One of the most significant improvements in the AMD CDNA 4 architecture lies within the Matrix Cores. Building on the industry trend towards reduced precision, the AMD CDNA 4 CUs introduce instruction and hardware support for industry-standard micro-scaling formats including MXFP8, MXFP6, and MXFP4. Additionally, the extra resources afforded by the N3P process were invested in doubling the execution resources for compact data types that are 16-bits and smaller as illustrated in Table 1 below. The combination of these two improvements means that each CU nearly quadruples the number of operations that can be performed in a single cycle, as illustrated in the chart below, a massive increase in capabilities for machine learning compared to the prior generation (FP4/FP8).<sup>MI350-005</sup> The prior generation featured full hardware support for the proprietary TF32 numerical format. After extensive discussion with customers and the ecosystem, this has been moved out of hardware and is supported through software emulation utilizing the BF16 datatype. The net result is that the computational throughput has doubled in the AMD CDNA 4 Architecture for low precision AI focused numerical data formats while achieving the same accuracy for most models.

| Computation                 | MI300X<br>(FLOPS/clock/CU) | MI355X<br>(FLOPS/clock/CU) | MI300X<br>(Peak Theoretical) | M1355X<br>(Peak Theoretical) | MI355X Peak<br>Speedup |
|-----------------------------|----------------------------|----------------------------|------------------------------|------------------------------|------------------------|
| Vector FP64                 | 128                        | 128                        | 81.7 TF                      | 78.6 TF                      | ~0.96x                 |
| Vector FP32                 | 256                        | 256                        | 163.4 TF                     | 157.3 TF                     | ~0.96x                 |
| Vector FP16                 | 256                        | 256                        | 163.4 TF                     | 157.3 TF                     | ~0.96x                 |
| Matrix FP64                 | 256                        | 128                        | 163.4 TF                     | 78.6 TF                      | ~0.5x                  |
| Matrix FP32                 | 256                        | 256                        | 163.4 TF                     | 157.3 TF                     | ~0.96x                 |
| Matrix FP16   FP16 Sparsity | 2048                       | 4096                       | 1.3 PF   2.6 PF              | 2.5 PF   5.0 PF              | 1.9x                   |
| Matrix BF16   BF16 Sparsity | 2048                       | 4096                       | 1.3 PF   2.6 PF              | 2.5 PF   5.0 PF              | 1.9x                   |
| Matrix FP8   FP8 Sparsity   | 4096                       | 8192                       | 2.6 PF   5.2 PF              | 5.0 PF   10PF                | 1.9x                   |
| Matrix INT8   INT8 Sparsity | 4096                       | 8192                       | 2.6 POPs   5.2 POPs          | 5.0 POPs   10 POPs           | 1.9x                   |
| Matrix FP6   FP6 Sparsity   | NA                         | 16834                      | NA                           | 10 PF   20 PF                | NA                     |
| Matrix FP4   FP4 Sparsity   | NA                         | 16834                      | NA                           | 10 PF   20 PF                | NA                     |
| Matrix INT4   INT4 Sparsity | 4096                       | 8192                       | 2.6 POPs   5.2 POPs          | 5.0 POPs   10 POPs           | 1.9x                   |

Table 1. Generational theoretical peak compute comparison for numerical formats and throughput between AMD Instinct™ MI355X GPUs and Instinct MI325X GPUs.

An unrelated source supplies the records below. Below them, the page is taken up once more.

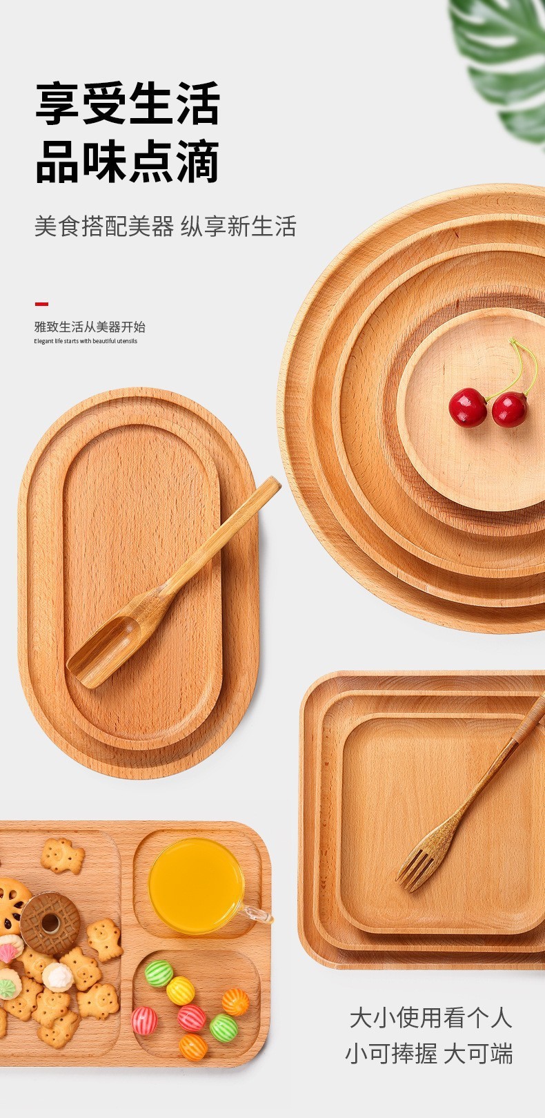 너도밤 나무 나무 트레이 디너 플레이트 티 트레이 가정용 컵 플레이트 스테이크 커피 플레이트 직사각형 접시 빵 과일 플레이트
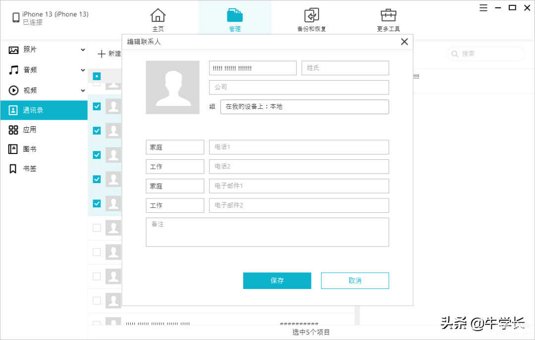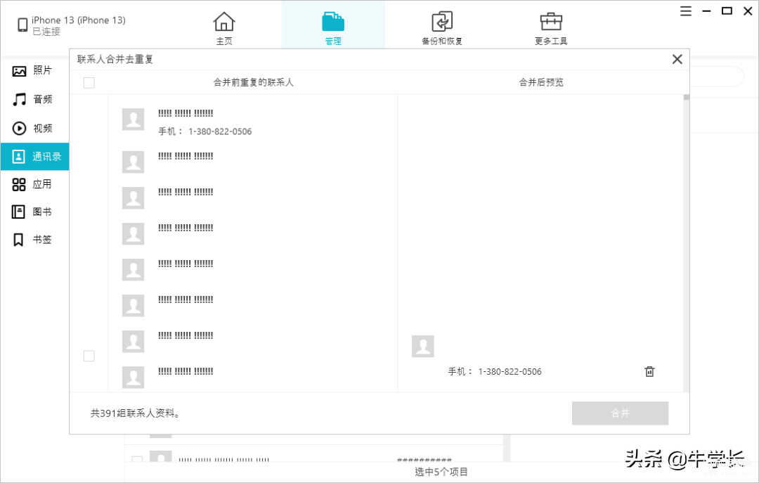想要批量删除通讯录联系人,那么可以试试专业的牛学长苹果数据管理工具,还支持批量删除照片、备忘录、书签、视频等数据。
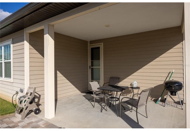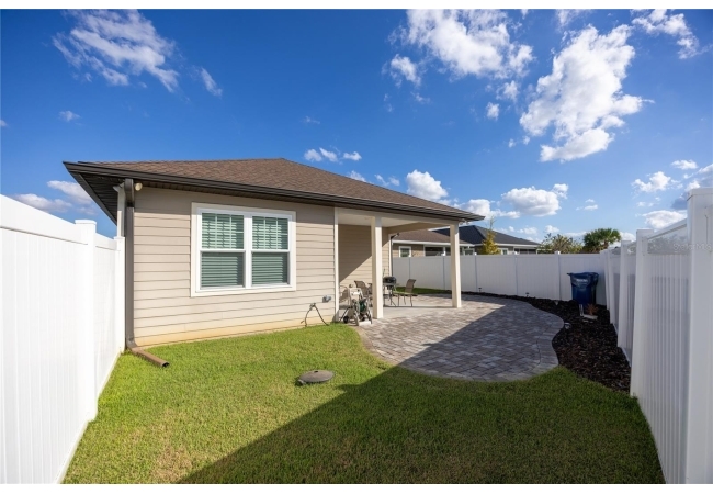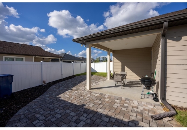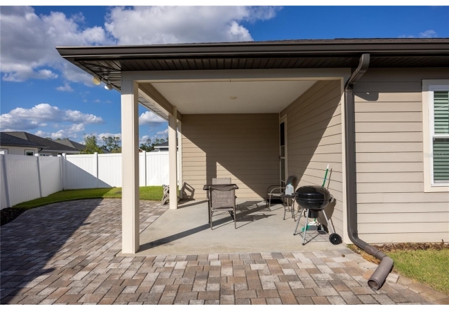 Enjoy the outdoors year-round on your covered back porch and extended paver patio—perfect for relaxing or hosting friends. The professionally landscaped yard is low-maintenance with front lawn care provided by the HOA for added ease. Irrigation system in front yard.
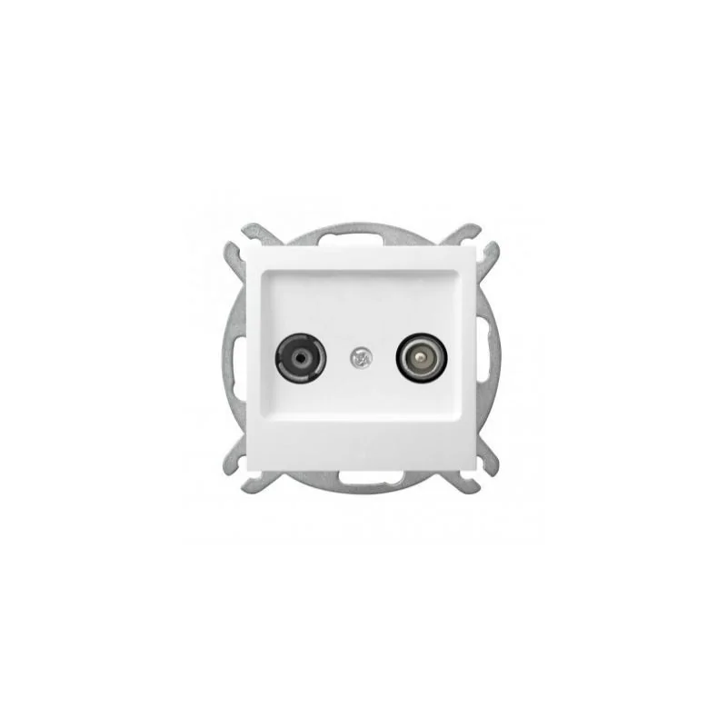 Gniazdo antenowe RTV zakończeniowe w kolorze białym serii AS firmy OSPEL, przeznaczone do montażu podtynkowego. Gniazdo wymaga dokupienia ramki serii AS firmy OSPEL.
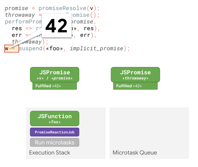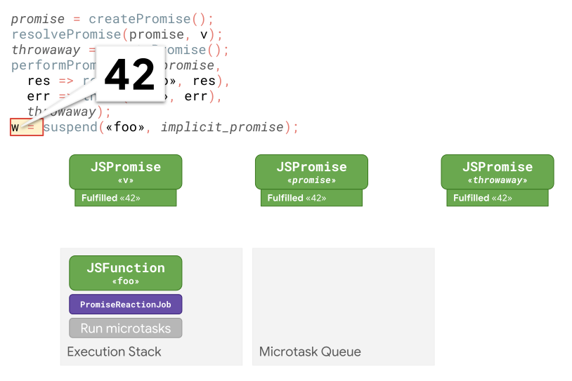 让我们再次假设我们 await 后面的 Promise 返回了 42。感谢 promiseResolve 带来的魔法,现在 promise 指向了同一个 Promise v,所以这个步骤什么也不需要做。然后引擎继续像以前一样,创建
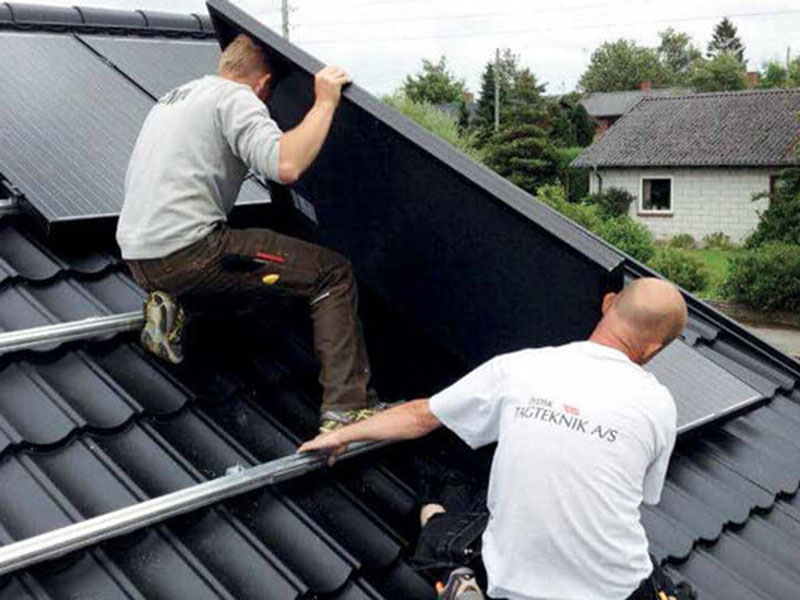 Vores store erfaring med tage gør, at vi har et indgående kendskab til montering af solceller. Det er meget vigtigt, at solceller bliver monteret korrekt, da det ellers kan give problemer med utætheder.
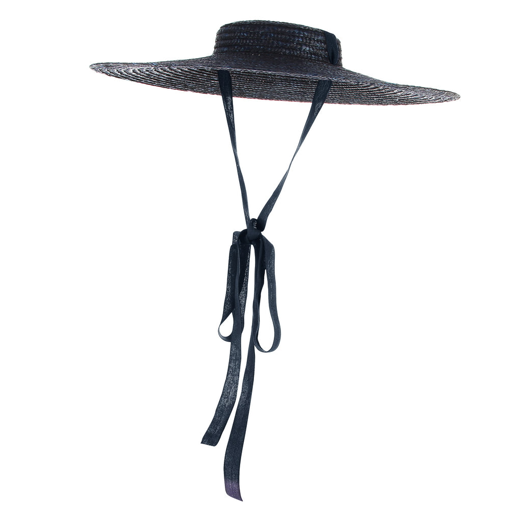 Women's Elegant Large Brim Boater Straw Sun Hat Summer Hats Flat Top Straw Hat Beach Sun Hat

The increased capabilities of the Matrix Cores boost the computational throughput for matrix operations commonly found in AI workloads – this is particularly vital for the transformers that are the basis of modern large language model (LLMs). AI applications typically feed the output of a matrix operation to a vector activation operation. For convolutional neural networks, the rectified linear unit (ReLU) is commonly used, while in transformer-based networks, softmax is the most common activation function. In keeping with the massive increase in the Matrix cores, the transcendental rates have been increased by 2x to aid with attention acceleration ensuring a balanced performance profile. Lastly, the AMD CDNA 4 CU also introduces a variety of data conversion instructions to help ensure that the new formats are readily usable.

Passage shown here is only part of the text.